Extracted data:
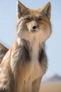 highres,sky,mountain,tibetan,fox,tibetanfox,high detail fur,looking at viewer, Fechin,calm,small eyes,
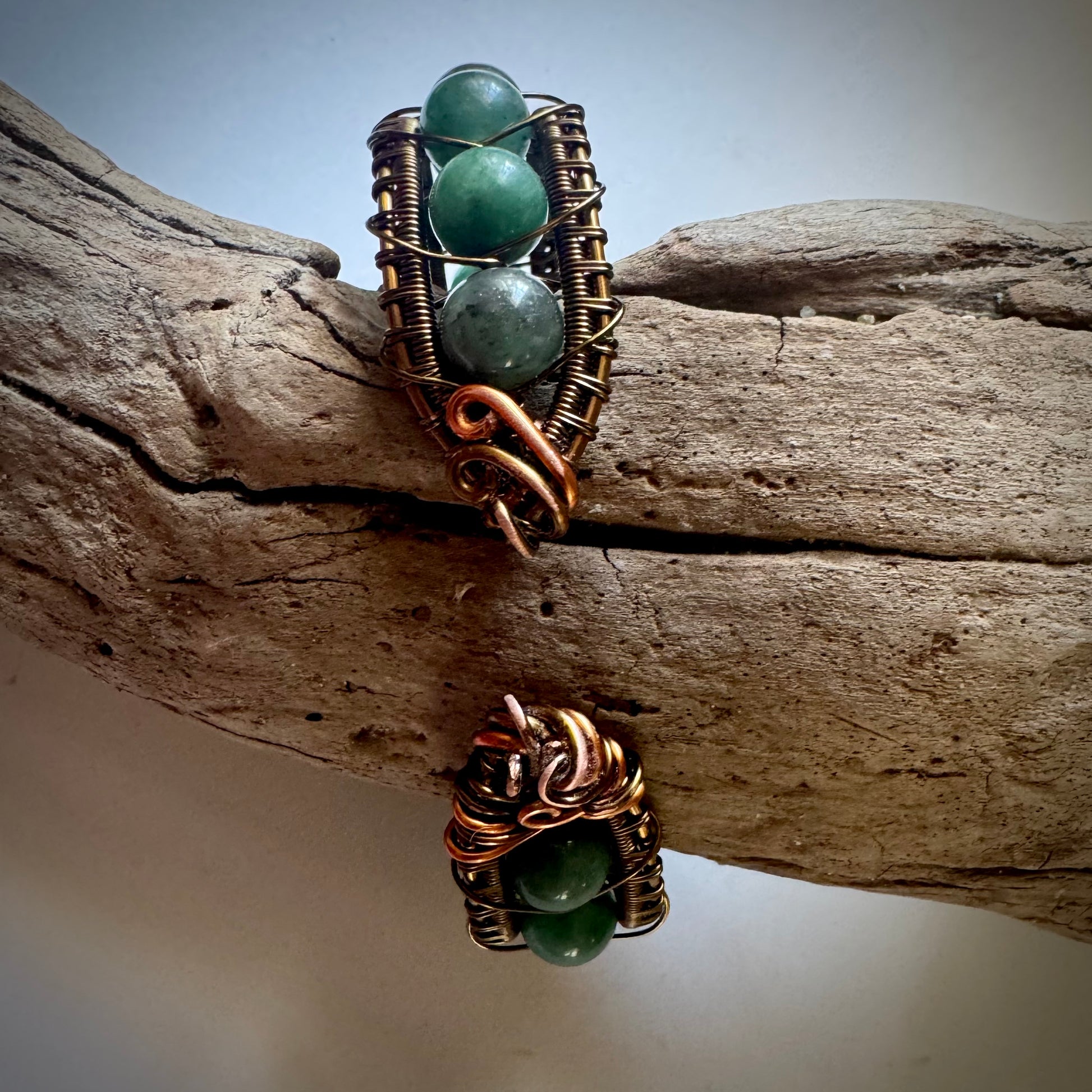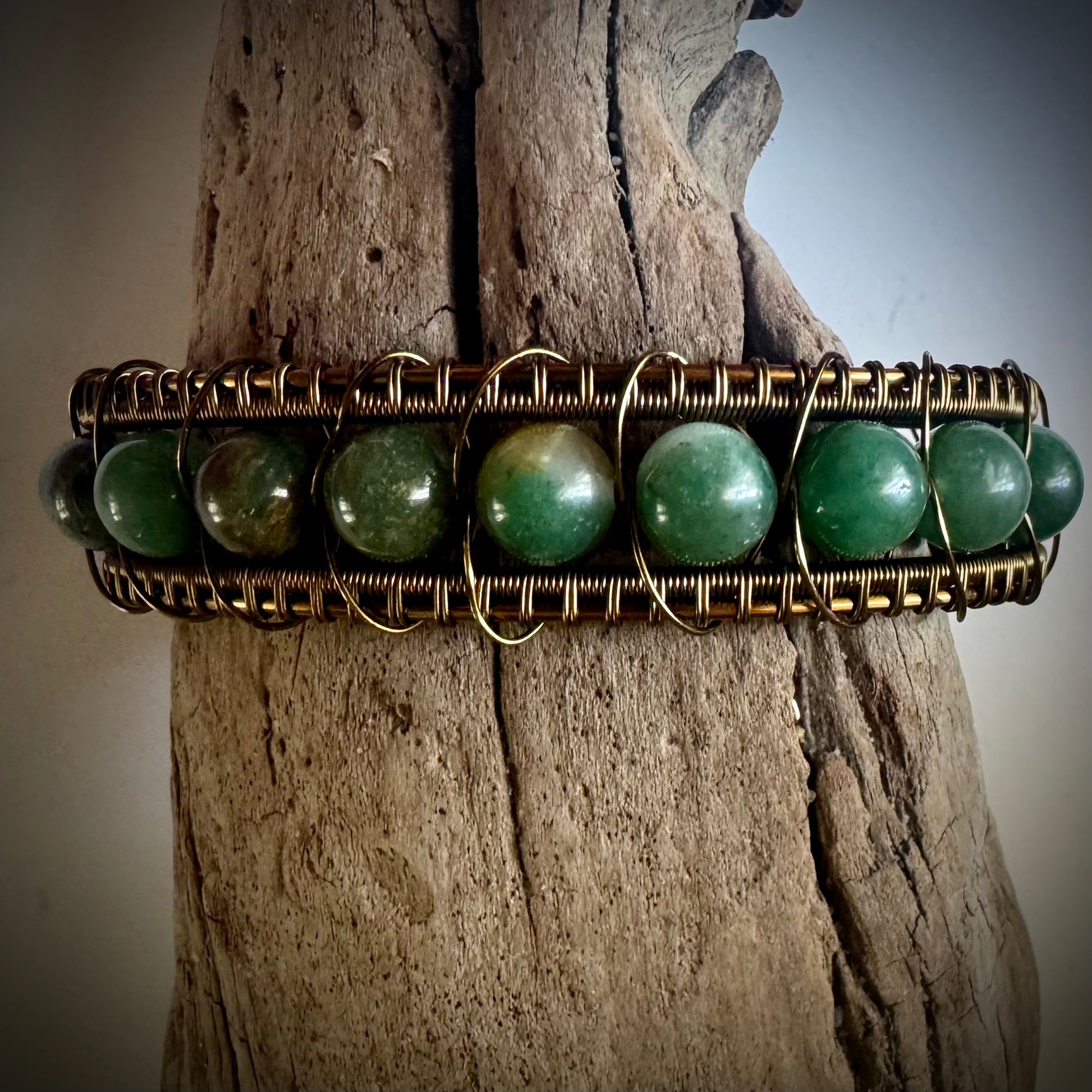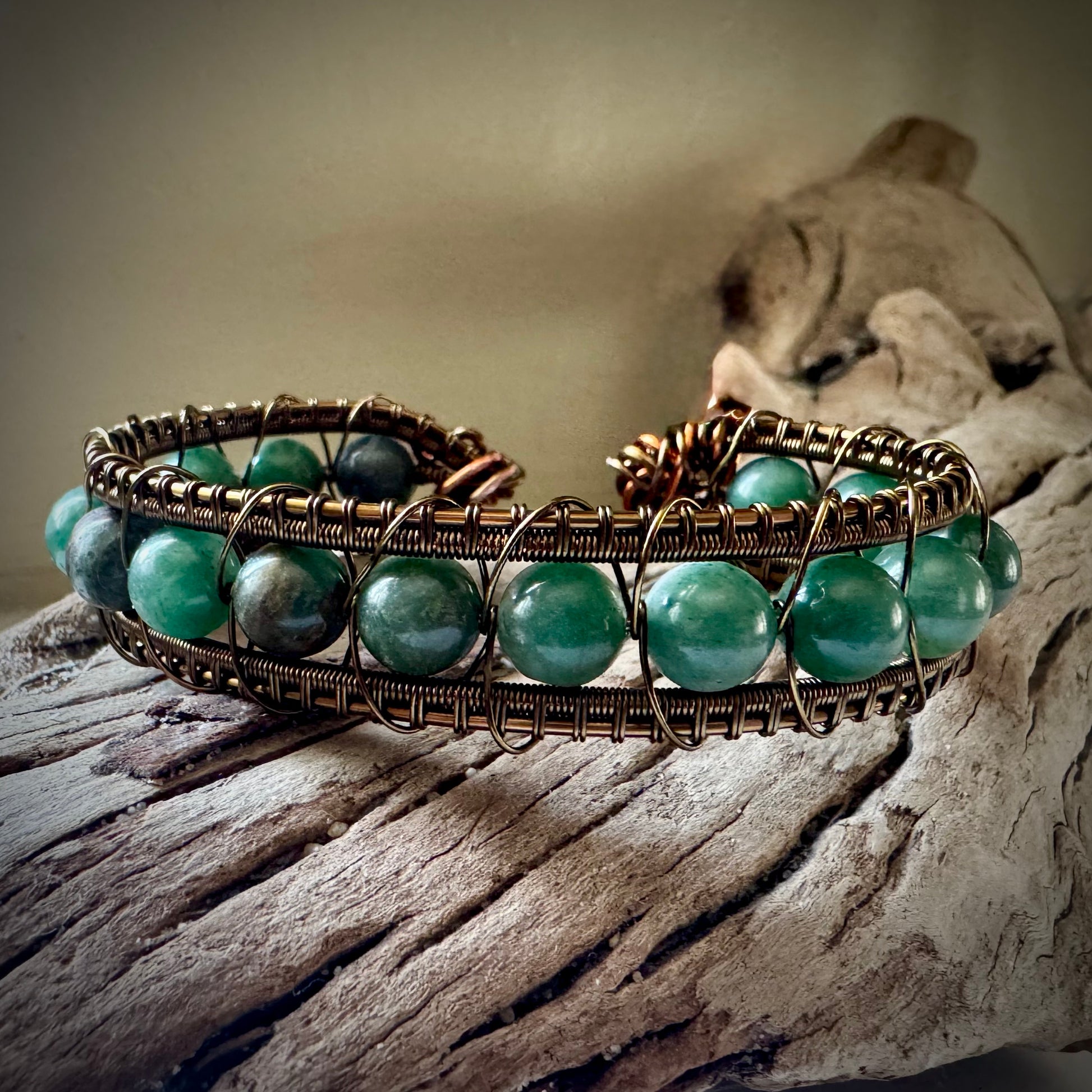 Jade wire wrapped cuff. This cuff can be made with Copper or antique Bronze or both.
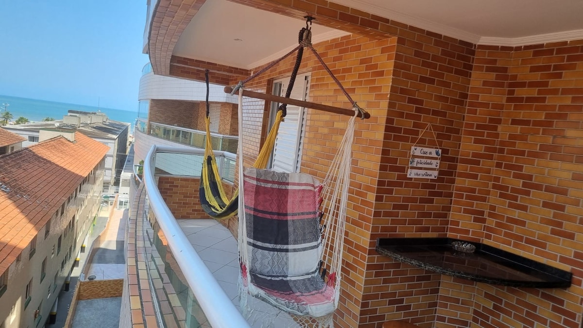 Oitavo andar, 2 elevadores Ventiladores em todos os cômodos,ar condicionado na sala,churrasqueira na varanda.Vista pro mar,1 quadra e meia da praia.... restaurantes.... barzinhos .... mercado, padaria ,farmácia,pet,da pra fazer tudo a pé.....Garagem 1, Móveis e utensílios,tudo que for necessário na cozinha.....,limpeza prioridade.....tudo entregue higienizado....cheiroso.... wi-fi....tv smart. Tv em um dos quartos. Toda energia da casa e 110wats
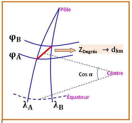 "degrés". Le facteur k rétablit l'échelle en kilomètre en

--

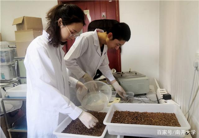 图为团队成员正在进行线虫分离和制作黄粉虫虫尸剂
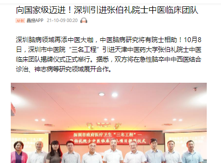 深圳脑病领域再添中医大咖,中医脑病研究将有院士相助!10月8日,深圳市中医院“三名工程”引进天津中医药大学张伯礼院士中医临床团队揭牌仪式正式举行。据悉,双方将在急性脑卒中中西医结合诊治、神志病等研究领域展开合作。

--

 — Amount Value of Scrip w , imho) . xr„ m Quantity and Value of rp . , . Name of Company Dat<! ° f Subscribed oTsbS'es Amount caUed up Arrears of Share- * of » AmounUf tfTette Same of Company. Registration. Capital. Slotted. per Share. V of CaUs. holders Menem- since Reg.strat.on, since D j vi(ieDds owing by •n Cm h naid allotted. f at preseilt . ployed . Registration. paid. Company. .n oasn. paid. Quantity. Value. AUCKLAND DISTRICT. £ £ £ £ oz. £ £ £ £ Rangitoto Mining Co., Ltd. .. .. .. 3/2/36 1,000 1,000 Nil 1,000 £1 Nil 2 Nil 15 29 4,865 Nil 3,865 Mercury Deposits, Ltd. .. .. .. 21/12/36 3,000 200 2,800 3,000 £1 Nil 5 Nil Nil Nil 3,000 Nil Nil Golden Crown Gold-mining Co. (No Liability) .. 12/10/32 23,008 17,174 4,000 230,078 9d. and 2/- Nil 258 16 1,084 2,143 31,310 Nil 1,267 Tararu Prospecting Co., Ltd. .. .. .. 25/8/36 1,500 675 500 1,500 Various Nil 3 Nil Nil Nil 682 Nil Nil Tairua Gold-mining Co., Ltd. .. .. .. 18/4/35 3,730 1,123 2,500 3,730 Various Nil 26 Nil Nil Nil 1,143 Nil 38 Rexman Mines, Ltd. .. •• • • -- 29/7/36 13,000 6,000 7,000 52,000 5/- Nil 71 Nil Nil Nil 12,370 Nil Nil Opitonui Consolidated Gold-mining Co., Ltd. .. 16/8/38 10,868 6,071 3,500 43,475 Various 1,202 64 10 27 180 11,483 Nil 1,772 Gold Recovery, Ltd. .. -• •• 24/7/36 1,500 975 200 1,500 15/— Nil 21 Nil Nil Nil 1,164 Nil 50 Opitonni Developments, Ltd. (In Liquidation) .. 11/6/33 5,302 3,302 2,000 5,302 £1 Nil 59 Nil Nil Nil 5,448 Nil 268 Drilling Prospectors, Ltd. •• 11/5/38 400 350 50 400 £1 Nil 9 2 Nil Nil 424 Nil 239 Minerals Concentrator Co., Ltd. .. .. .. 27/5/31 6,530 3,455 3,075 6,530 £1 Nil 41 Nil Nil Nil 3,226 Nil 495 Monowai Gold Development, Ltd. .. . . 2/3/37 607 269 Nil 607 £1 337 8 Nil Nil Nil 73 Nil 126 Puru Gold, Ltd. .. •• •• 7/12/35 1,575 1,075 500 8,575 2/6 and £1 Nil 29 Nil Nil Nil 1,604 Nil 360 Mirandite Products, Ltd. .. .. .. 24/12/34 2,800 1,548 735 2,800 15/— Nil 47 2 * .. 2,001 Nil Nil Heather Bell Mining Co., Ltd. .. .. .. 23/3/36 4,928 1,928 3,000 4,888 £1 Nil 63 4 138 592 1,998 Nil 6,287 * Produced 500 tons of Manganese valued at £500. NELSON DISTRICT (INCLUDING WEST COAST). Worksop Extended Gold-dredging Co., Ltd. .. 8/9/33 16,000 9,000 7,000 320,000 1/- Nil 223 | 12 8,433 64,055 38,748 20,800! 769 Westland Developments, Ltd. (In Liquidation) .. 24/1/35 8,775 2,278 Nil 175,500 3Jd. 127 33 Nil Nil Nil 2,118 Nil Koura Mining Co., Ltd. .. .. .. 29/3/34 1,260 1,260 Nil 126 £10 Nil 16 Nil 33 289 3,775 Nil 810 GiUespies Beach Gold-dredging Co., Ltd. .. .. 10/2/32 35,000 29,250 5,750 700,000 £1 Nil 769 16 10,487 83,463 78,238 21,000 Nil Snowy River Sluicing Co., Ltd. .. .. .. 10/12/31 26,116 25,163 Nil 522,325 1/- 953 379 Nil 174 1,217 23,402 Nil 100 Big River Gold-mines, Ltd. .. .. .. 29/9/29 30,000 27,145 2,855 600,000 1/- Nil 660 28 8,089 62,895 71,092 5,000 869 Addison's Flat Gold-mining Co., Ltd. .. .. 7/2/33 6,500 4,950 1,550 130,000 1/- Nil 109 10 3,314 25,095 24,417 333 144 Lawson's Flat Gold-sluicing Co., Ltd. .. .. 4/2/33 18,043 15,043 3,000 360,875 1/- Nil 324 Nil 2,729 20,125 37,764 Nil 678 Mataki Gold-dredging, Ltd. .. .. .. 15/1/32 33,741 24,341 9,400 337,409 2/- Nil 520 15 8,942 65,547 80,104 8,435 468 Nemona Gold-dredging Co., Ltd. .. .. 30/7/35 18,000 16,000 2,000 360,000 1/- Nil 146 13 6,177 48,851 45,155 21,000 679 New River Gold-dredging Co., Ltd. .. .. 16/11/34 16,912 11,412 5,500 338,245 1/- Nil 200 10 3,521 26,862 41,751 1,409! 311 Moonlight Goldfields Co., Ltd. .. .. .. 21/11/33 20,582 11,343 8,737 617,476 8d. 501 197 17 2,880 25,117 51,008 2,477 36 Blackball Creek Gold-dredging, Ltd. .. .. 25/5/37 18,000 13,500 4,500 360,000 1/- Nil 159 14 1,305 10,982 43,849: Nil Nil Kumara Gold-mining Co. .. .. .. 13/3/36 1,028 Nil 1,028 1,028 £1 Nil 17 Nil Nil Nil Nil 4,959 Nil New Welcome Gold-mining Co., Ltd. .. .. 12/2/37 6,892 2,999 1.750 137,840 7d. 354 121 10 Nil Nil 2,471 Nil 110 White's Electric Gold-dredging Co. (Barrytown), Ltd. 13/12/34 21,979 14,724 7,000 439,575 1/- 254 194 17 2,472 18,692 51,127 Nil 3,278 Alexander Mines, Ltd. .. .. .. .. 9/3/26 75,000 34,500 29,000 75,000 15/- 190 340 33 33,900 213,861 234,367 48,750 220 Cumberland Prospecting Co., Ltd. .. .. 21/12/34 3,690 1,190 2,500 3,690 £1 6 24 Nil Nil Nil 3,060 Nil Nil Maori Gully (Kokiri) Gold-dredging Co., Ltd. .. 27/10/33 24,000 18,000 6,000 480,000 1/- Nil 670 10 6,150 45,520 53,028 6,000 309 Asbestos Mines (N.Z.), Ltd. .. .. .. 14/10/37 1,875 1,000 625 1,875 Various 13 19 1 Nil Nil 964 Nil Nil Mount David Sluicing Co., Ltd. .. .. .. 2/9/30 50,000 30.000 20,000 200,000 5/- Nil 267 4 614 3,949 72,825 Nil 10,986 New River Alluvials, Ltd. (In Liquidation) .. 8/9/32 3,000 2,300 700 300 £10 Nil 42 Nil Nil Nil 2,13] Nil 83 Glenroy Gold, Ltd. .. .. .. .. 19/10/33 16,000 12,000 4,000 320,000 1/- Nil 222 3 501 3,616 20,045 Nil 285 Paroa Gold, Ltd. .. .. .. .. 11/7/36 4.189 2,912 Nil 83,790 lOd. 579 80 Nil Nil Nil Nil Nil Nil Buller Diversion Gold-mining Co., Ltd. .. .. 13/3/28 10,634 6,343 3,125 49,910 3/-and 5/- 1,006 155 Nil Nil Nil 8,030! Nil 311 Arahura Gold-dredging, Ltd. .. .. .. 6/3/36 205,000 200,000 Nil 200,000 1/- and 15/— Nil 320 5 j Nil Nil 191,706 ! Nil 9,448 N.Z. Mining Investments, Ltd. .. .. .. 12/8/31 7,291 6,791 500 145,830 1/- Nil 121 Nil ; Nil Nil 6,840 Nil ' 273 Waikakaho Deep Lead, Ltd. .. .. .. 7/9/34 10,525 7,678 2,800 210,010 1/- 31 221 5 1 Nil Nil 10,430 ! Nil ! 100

Problem to work on:
Please print the lines above word for word, starting at the one with "detail fur,looking at" and ending at the one with "en kilomètre en", both included, and without any picture.

Written response:
 highres,sky,mountain,tibetan,fox,tibetanfox,high detail fur,looking at viewer, Fechin,calm,small eyes,
 Jade wire wrapped cuff. This cuff can be made with Copper or antique Bronze or both.
 Oitavo andar, 2 elevadores Ventiladores em todos os cômodos,ar condicionado na sala,churrasqueira na varanda.Vista pro mar,1 quadra e meia da praia.... restaurantes.... barzinhos .... mercado, padaria ,farmácia,pet,da pra fazer tudo a pé.....Garagem 1, Móveis e utensílios,tudo que for necessário na cozinha.....,limpeza prioridade.....tudo entregue higienizado....cheiroso.... wi-fi....tv smart. Tv em um dos quartos. Toda energia da casa e 110wats
 "degrés". Le facteur k rétablit l'échelle en kilomètre en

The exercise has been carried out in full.